= Activity =
In the entries below, find the line with "The Sakki basket" and the line with "截至目前,主动权益类基金中共"; reproduce those two lines and all lines between them exactly, without pictures.

= The records =
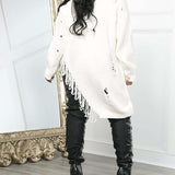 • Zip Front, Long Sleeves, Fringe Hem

...

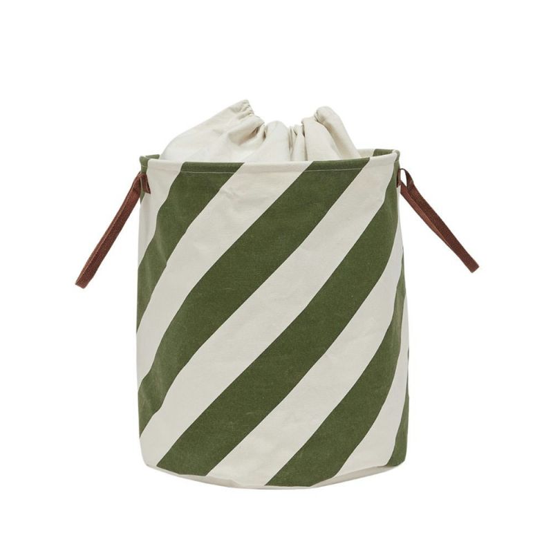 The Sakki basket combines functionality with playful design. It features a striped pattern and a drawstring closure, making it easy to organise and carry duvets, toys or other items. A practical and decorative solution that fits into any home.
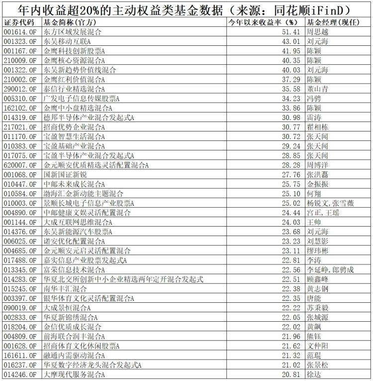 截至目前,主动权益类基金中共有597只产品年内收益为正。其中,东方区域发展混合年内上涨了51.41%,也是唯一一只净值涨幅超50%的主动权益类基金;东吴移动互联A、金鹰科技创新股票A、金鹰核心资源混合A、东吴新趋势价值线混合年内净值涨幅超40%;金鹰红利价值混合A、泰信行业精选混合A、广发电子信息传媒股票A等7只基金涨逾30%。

= Answer to the problem =
 The Sakki basket combines functionality with playful design. It features a striped pattern and a drawstring closure, making it easy to organise and carry duvets, toys or other items. A practical and decorative solution that fits into any home.
 截至目前,主动权益类基金中共有597只产品年内收益为正。其中,东方区域发展混合年内上涨了51.41%,也是唯一一只净值涨幅超50%的主动权益类基金;东吴移动互联A、金鹰科技创新股票A、金鹰核心资源混合A、东吴新趋势价值线混合年内净值涨幅超40%;金鹰红利价值混合A、泰信行业精选混合A、广发电子信息传媒股票A等7只基金涨逾30%。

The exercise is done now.